*** TASK MATERIAL ***
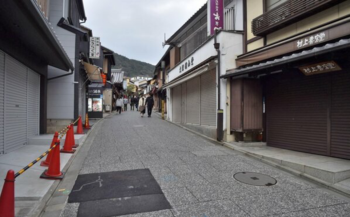 京都新聞(2021年1月23日)より、日曜日にも関わらず人通りが少なく シャッターを閉める店も目立つ清水寺
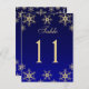 This festive navy and royal blue with gold glittery LOOK (PRINTED - not real) snowflakes table number postcard matches the wedding invitation shown below. ***You MUST change the number 11 to each number that you need, add it to your cart, and then come back and repeat the process with each number that you need. Quantity discounts may apply once you add all the items to your cart. If you have any questions or change requests contact niteowlstudio@gmail.com.
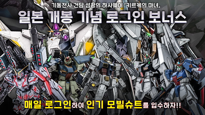- 1. 매일 로그인하여 인기 모빌슈트를 입수하자!
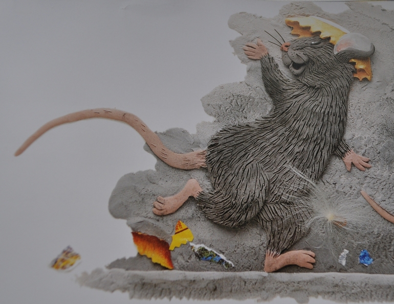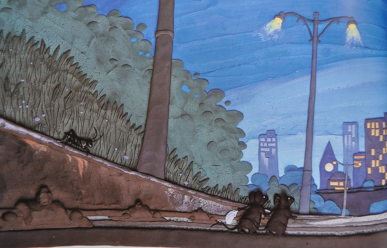 В общем-то, текстовая составляющая этой книги не особо примечательна. Куда интереснее ее художественное оформление. Барбара Рид, автор и художник "Мыши из метро", создавала свои иллюстрации из пластилина, акриловых красок и различных подручных материалов. Как результат - изображения выглядят очень объемными, к некоторым элементам рука так и тянется пощупать, проверить: неужели это просто изображение на бумаге?
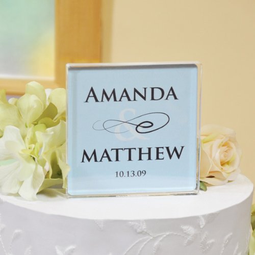 Give your wedding cake the perfect finishing touch with our Flourish Wedding Cake Topper. Fashioned with a sturdy, acrylic base and made custom for every bride and groom, this wedding day detail is as practical as it is fashionable. And because of its versatility, you'll easy be able to transition this one of a kind piece to your home or office as a delicate part of your decor. Tres' chic Details: Size: Measures 4 inches by 4 inches by 1 2 inch thick. Materials: Acrylic and static cling vinylPersonalization Options: The Flourish Wedding Cake Topper may be personalized with two block first names max of 12 characters per name and numeric date in your choice of a cloud, aqua, sage, wisteria, petal pink, raspberry, wineberry, plum, claret, tangerine, chocolate, grey, black, burnt sienna, cinnamon, blueberry or ice blue background at No Additional Cost. *Please Note: Personalization ink varies with background color. ... This unique & elegant item is part of our exclusive Wedding Favor and Bridal - Baby Shower collection. They make for a great and unique gift for your wedding reception, bridal shower, bay shower or any other special event.
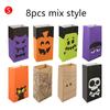 8pcs Halloween Flat Mouth Kraft Paper Bag Cute Cartoon Pattern Pumpkin Skull Spider Web Party Gathering Candy Storage Bag TMZ
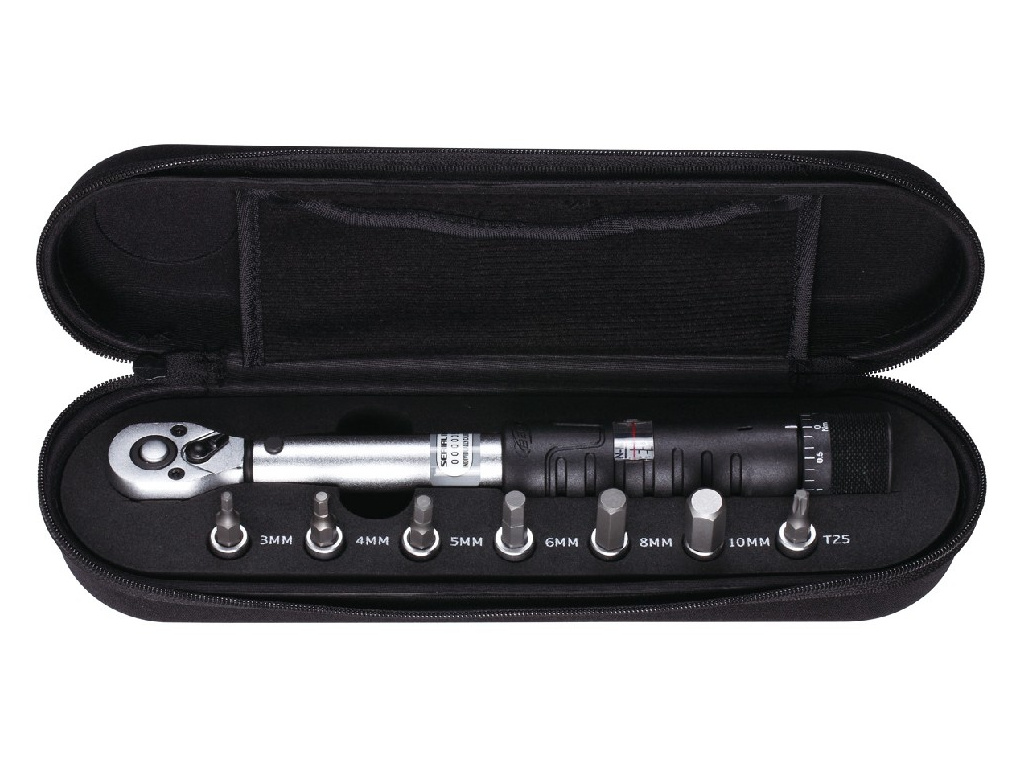 Profesionálny momentový kľúč BBB TorqueSet so zabudovaným mechanizmom Click umožňuje presné nastavenie uťahovacej sily v rozsahu 2 - 14 Nm. Súčasťou sú vybrané Náradie. Všetko je uložené v odolnom a pevnom obale.
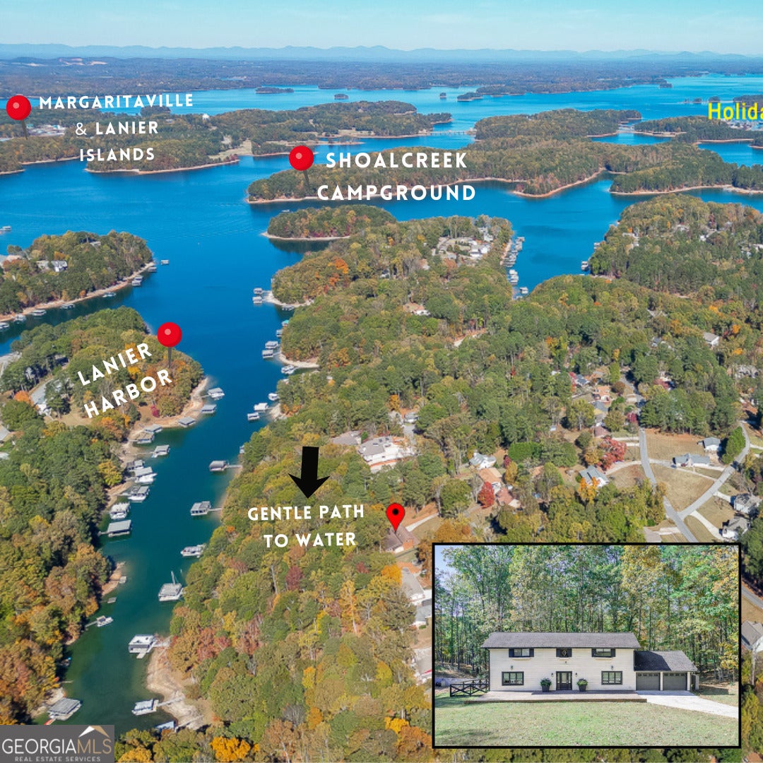 Discover this rare Lake Lanier gem offering a hard-to-find gentle walk to the water! Nestled in the desirable Valley Hi community, this beautifully maintained Craftsman-style home offers nearly 4,000 sq. ft. of elegant living space designed for comfort and entertaining. Inside, you'll find beamed and vaulted ceilings, hardwood and tile floors, and abundant natural light throughout. The chef's kitchen is a true showpiece - featuring stone countertops, a large island, breakfast bar, two sinks, and a built-in wine cooler, perfect for hosting and everyday living. Enjoy gatherings in the oversized formal dining room, or relax in the formal living room, great room, or sunroom/flex space, offering multiple areas for entertainment and leisure. The spacious primary suite includes a sitting area, his-and-hers closets, and a spa-inspired bath with double vanities, soaking tub, and separate shower. Step outside to enjoy the deck and front porch, and take an easy gentle walk to your private Lake Lanier frontage - a rare find! Located within top-rated Gwinnett County schools (White Oak Elementary, Lanier Middle, and Lanier High) and close to shopping, dining, and parks. Additional features include a two-car garage, extra storage, and a private, level lot perfect for outdoor enjoyment.
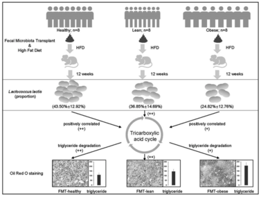 - Mice colonized with healthy microbiota had a significantly lower intrahepatic lipid accumulation than those with obese NAFLD microbiota. This suggested that changing gut microbiota condition may act as one of the biomarker for NAFLD risk evaluation and therapeutic target for treating/improving the NAFLD.
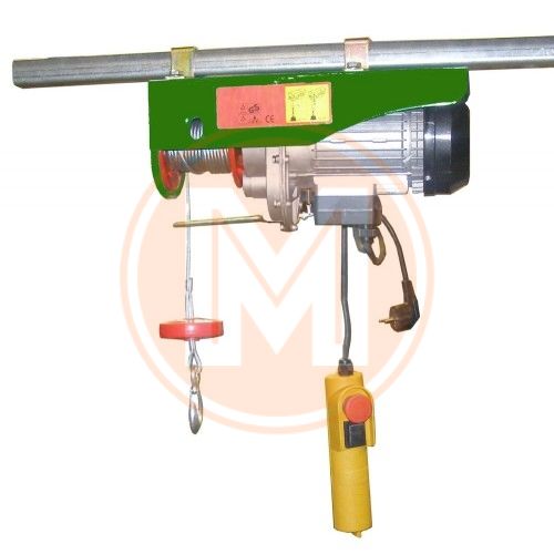 - De lier wordt standaard geleverd met 12 mtr. draaiarm staaldraad, hangdrukknopschakelaar met noodstop aan 1,5 mtr. kabel en 0,5 mtr. voedingskabel met stekker.
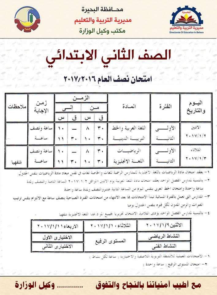 جدول امتحانات الشهادة الابتدائيه الترم الاول 2018 محافظة البحيره الصف السادس الابتدائى
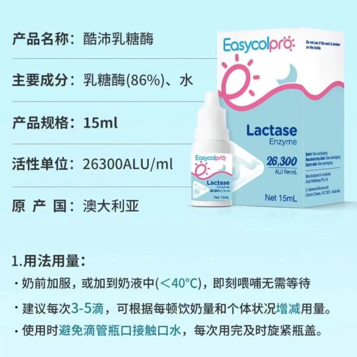【源码/刮码随机发货】酷沛乳糖酶无甘油86%配方(含量26300ALU/ml)婴幼儿宝宝乳糖不耐受腹泻消化酶15ml瓶
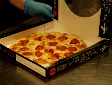 Pizzas and other items can be cooked ahead of busy periods and placed in a heated holding cabinet or heated shelf display for quick sale.
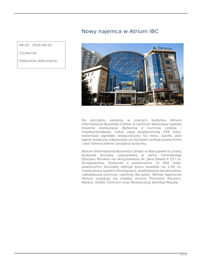 Nowy najemca w Atrium IBC 08:29 2016-09-02 CIJ Journal Załączone dokumenty: Na początku sierpnia w znanym budynku Atrium International Business Center w centrum Warszawy została otwarta restauracja Bohemia z kuchnią czeską i międzynarodową. Lokal zajął powierzchnię 339 mkw. natomiast ogródek restauracyjny 52 mkw. Savills jako agent wyłączny odpowiada za wynajem wolnej powierzchni i jest równocześnie zarządcą budynku. Atrium International Business Center w Warszawie to znany budynek biurowy usytuowany w sercu Centralnego Obszaru Biznesu na skrzyżowaniu Al. Jana Pawła II 23 i ul. Grzybowskiej. Budynek o powierzchni 12 000 mkw. powierzchni biurowej oferuje biura wysokie na 2,85 m, nowoczesny system klimatyzacji, okablowanie strukturalne, całodobową ochronę i parking dla gości. Wśród najemców Atrium znajdują się między innymi Thomson Reuters, Matexi, DAGO Centrum oraz Restauracja Bombaj Masala. 1/1
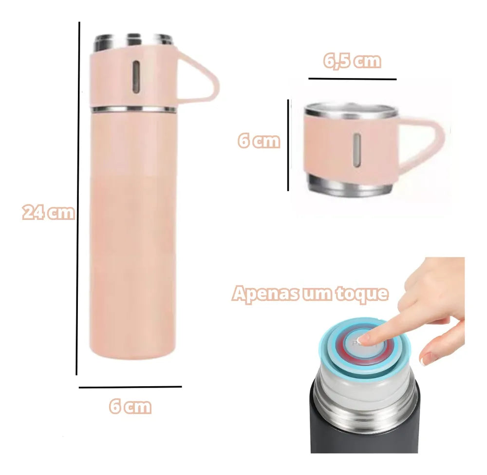 A Garrafa Térmica Vacuum Tche Amo Inox Com Xícaras Água Café Cor Rosa é perfeita para quem busca praticidade e estilo. Feita em inox, tanto por dentro quanto por fora, garante a conservação da temperatura da bebida por até 12 horas. Com capacidade de 500 mL, é ideal para levar seu café, chá ou água para onde quiser. O sistema de abertura da tampa é rápido e seguro, proporcionando facilidade no uso. Além disso, o conjunto inclui xícaras, tornando-o completo e pronto para uso imediato. Com design na cor rosa, é uma opção moderna e elegante para acompanhar seu dia a dia.
*** End of TASK MATERIAL ***
◆ AIM OF THE EXERCISE ◆
Print the material above word for word, first line through the line with "Give your wedding", and leave every picture out.

◆ EXERCISE RESULT ◆
 京都新聞(2021年1月23日)より、日曜日にも関わらず人通りが少なく シャッターを閉める店も目立つ清水寺
 This festive navy and royal blue with gold glittery LOOK (PRINTED - not real) snowflakes table number postcard matches the wedding invitation shown below. ***You MUST change the number 11 to each number that you need, add it to your cart, and then come back and repeat the process with each number that you need. Quantity discounts may apply once you add all the items to your cart. If you have any questions or change requests contact niteowlstudio@gmail.com.
- 1. 매일 로그인하여 인기 모빌슈트를 입수하자!
 В общем-то, текстовая составляющая этой книги не особо примечательна. Куда интереснее ее художественное оформление. Барбара Рид, автор и художник "Мыши из метро", создавала свои иллюстрации из пластилина, акриловых красок и различных подручных материалов. Как результат - изображения выглядят очень объемными, к некоторым элементам рука так и тянется пощупать, проверить: неужели это просто изображение на бумаге?
 Give your wedding cake the perfect finishing touch with our Flourish Wedding Cake Topper. Fashioned with a sturdy, acrylic base and made custom for every bride and groom, this wedding day detail is as practical as it is fashionable. And because of its versatility, you'll easy be able to transition this one of a kind piece to your home or office as a delicate part of your decor. Tres' chic Details: Size: Measures 4 inches by 4 inches by 1 2 inch thick. Materials: Acrylic and static cling vinylPersonalization Options: The Flourish Wedding Cake Topper may be personalized with two block first names max of 12 characters per name and numeric date in your choice of a cloud, aqua, sage, wisteria, petal pink, raspberry, wineberry, plum, claret, tangerine, chocolate, grey, black, burnt sienna, cinnamon, blueberry or ice blue background at No Additional Cost. *Please Note: Personalization ink varies with background color. ... This unique & elegant item is part of our exclusive Wedding Favor and Bridal - Baby Shower collection. They make for a great and unique gift for your wedding reception, bridal shower, bay shower or any other special event.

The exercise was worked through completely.